À cette pensée, une larme m'échappe et vient s'écraser sur le front de Bastien. Il se redresse et me regarde. Doucement, il desserre son bras droit pour venir me caresser le dos. Ce geste m'émeut. Bastien me connaît sur le bout des doigts. Il sait que petite fille, c'est ainsi que ma mère me consolait quand j'avais du chagrin. Je pense à elle. Ses cajoleries m'apaisent.

Bastien ne sait rien de tout cela, pourtant son premier réflexe est de me réconforter comme l'aurait fait ma mère. Je ne suis pas loin de penser qu'une forme de connexion existe entre nos esprits. Les coïncidences sont parfois surprenantes. L'instant est suspendu, plus rien n'existe à part nous deux.
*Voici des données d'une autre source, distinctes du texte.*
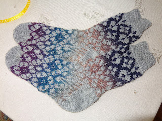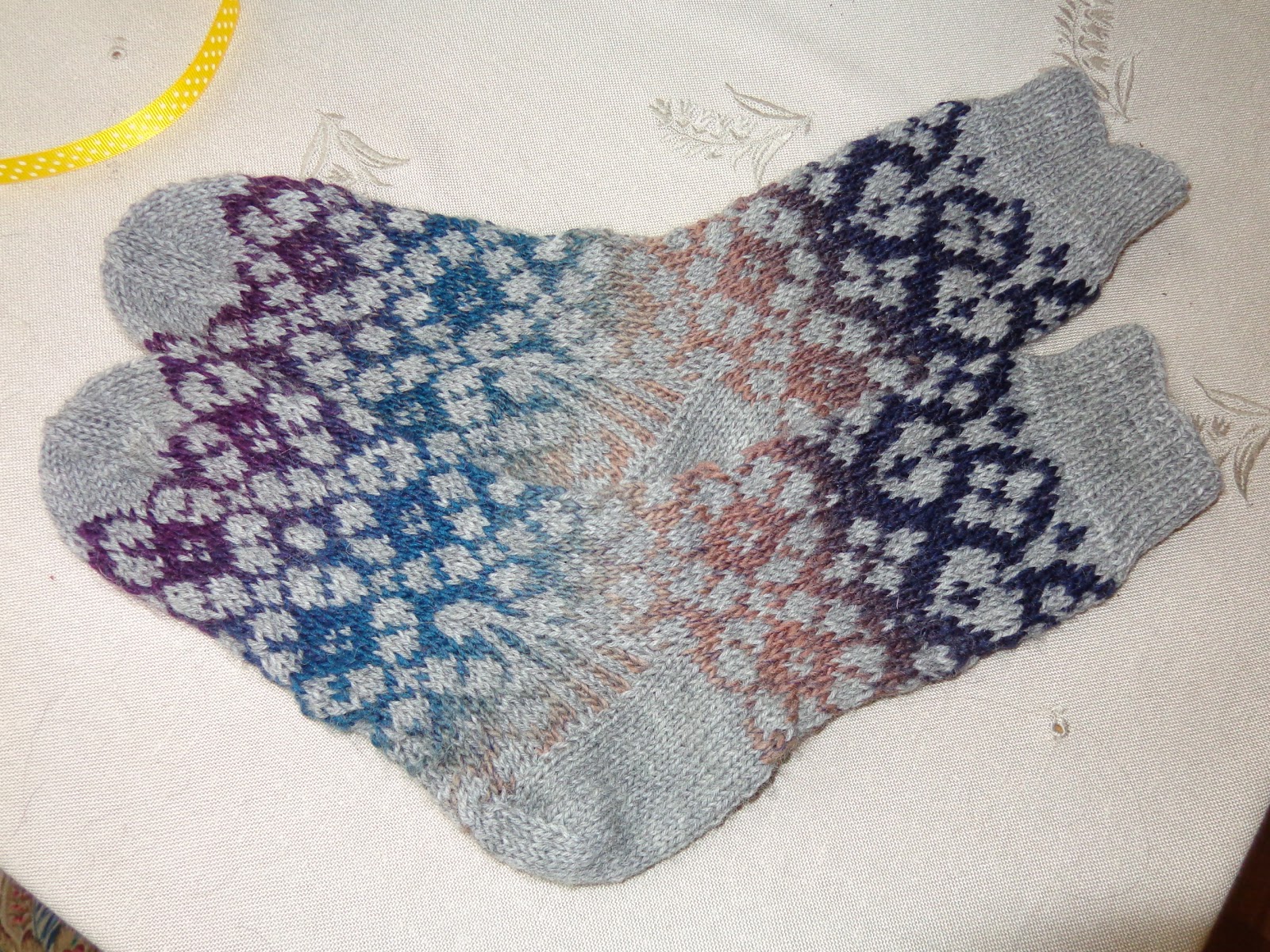 Darunter Socken mit Musterfragmenten von hier und mit dem grässlichen Delight von Drops - in dem Knäuel wiederholt sich kein einziges Farbabschnitt und das Garn ist dazu überdreht.

Je lis dans ses yeux une tendresse infinie. C'est peut-être même plus que de la tendresse. Je crois que c'est de l'amour. Comme une soudaine évidence, j'accepte les sentiments que Bastien éprouve à mon encontre. Bastien m'aime mal, mais il m'aime sincèrement. C'est indéniable. Je me surprends alors à poser mes lèvres sur les siennes. Le baiser vient de moi, pour la première fois depuis des années.

Nous nous embrassons sans fièvre sexuelle. J'aimerais que ce moment d'une extrême douceur ne s'arrête jamais. Ce baiser a le goût de ma jeunesse. Bien sûr, à vingt-huit ans, on est encore jeune. Mais je ne suis plus l'adolescente insouciante pour qui l'avenir s'arrêtait au week-end suivant. L'union de nos lèvres me rappelle une légèreté, une désinvolture oubliée depuis bien longtemps.

Achevant cette délicieuse embrassade, Bastien guide mon corps de ses bras en position allongée et me souffle :

- Allez, essayons de dormir un peu.

Je comprends alors que ce rapprochement sensuel ne souffrait d'aucune arrière-pensée libidineuse de sa part. C'était seulement un baiser innocent. Intense, mais innocent. 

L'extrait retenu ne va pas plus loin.